Flights of leaping animals typically have parabolic paths. The figure illustrates a frog jump superimposed on a coordinate plane. The length of the leap is 9 feet, and the maximum height off the ground is 3a feet. Find a standard equation for the path of the frog. Assume a = 1.

Since the leap travels 9 feet, the function has zeros at x=0,9, so

y(x) = ax(x-9)

When x = 9/2,
y(9/2) = a(9/2)(-9/2) = -81/4 a

Why should we assume a=1?

If -81/4 a = 3a we are in trouble.

I think there's something wrong with the way the problem is stated. Either that, or (missing a diagram) my assumption that the height is zero at x=0,9 is wrong.

To find a standard equation for the path of the frog's leap, we can start by analyzing the given information. We know that the length of the leap is 9 feet, and the maximum height off the ground is 3a feet. Given that a = 1, the maximum height would be 3 feet.

First, let's consider the parabolic path of a frog's leap. A parabola can be represented by the equation y = ax^2 + bx + c, where a, b, and c are constants.

To find the equation, we need to determine the values of a, b, and c. We can do this by plugging in the coordinates of a point on the parabolic path into the equation and solving for the constants.

Considering the frog's leap, the coordinates of the highest point (the maximum height) can be represented as (x, 3), where x is the distance from the starting point.
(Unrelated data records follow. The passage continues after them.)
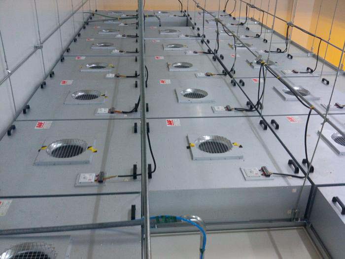 先將高效過濾器(進出風兩面已經貼橡膠密封條)穩固地放置在FFU頂棚龍骨上。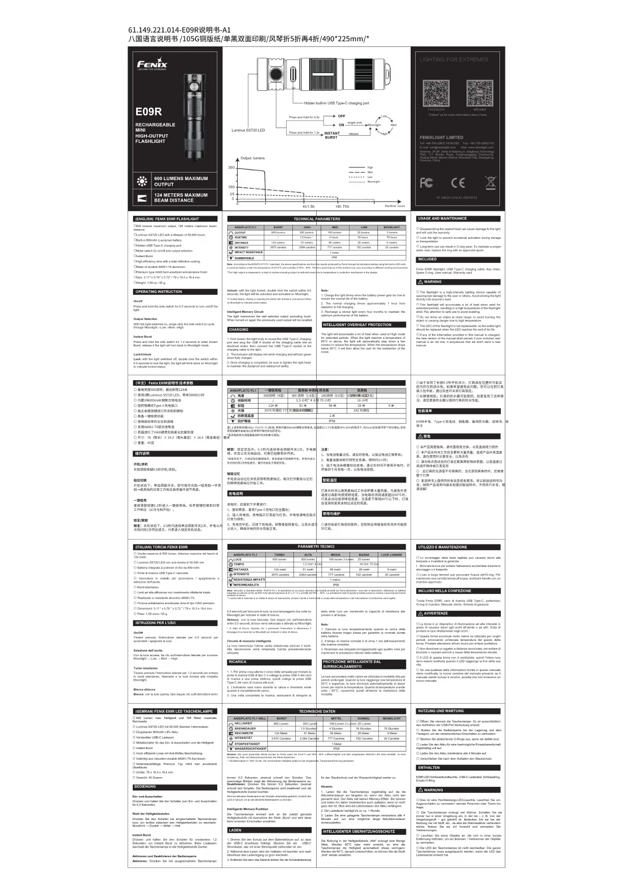 | Caractéristiques techniques | Lampe de poche Fenix E09R, puissance maximale de 600 lumens, portée jusqu'à 120 mètres, étanchéité IP68. |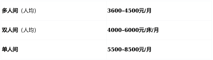 核心信息:3600元/月起(综合3600-10000元/月),400张床位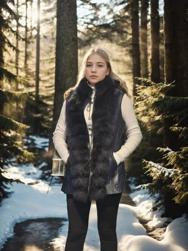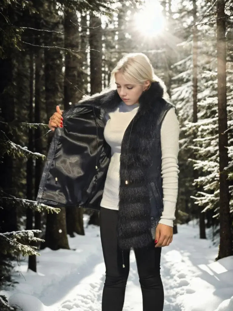 Premium Doğal Kürk Kolsuz Fermuarlı Yelek – Lacivert

Since the maximum height occurs at the midpoint of the leap (where the frog starts and lands), the x-coordinate of the highest point would be half of the leap's length. In this case, x = 9/2 = 4.5 feet.
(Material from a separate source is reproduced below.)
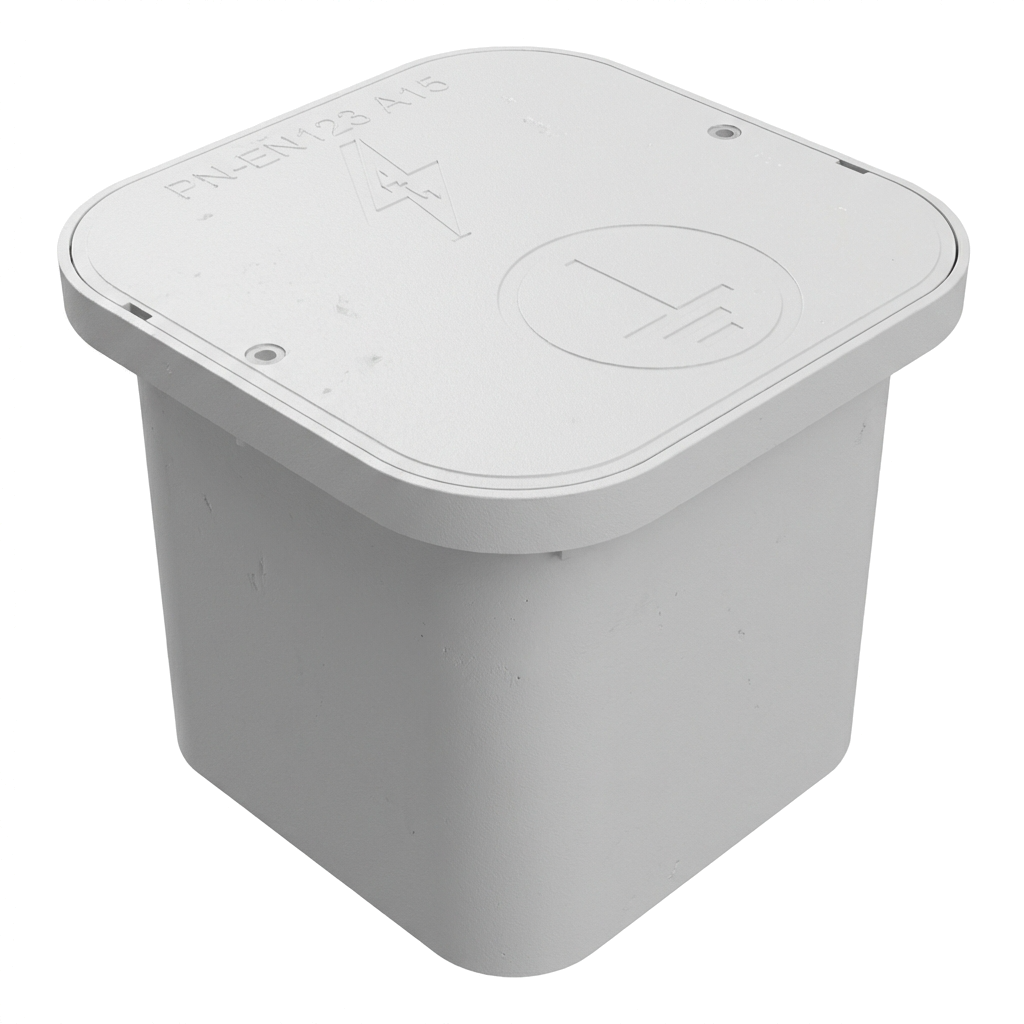Das Produkt entspricht der Norm PN-EN 62305, was die Erfüllung der Anforderungen an Blitzschutzsysteme garantiert. Die Box erfüllt auch die Anforderungen der Norm PN-EN 124 A15, die die Belastungsklasse für im Erdreich montierte Abdeckungen festlegt.

Substituting these values into the equation, we have:
3 = a(4.5)^2 + b(4.5) + c

Since a = 1, this simplifies to:
3 = (4.5)^2 + b(4.5) + c
3 = 20.25 + 4.5b + c

Now, let's consider the starting point of the frog's leap. The frog starts at the origin, which means the coordinates of the starting point are (0, 0). Substituting these values into the equation, we have:
0 = a(0)^2 + b(0) + c

Since the starting point is at the origin, this simplifies to:
0 = c

Now, we have two equations:
3 = 20.25 + 4.5b
0 = c

We can solve the first equation for b:
3 - 20.25 = 4.5b
-17.25 = 4.5b
b = -3.83

Using the value of c = 0, we now have the equation:
y = ax^2 + bx + 0

Substituting the value of a = 1 and b = -3.83, the equation simplifies to:
y = x^2 - 3.83x

Therefore, the standard equation for the path of the frog's leap is y = x^2 - 3.83x.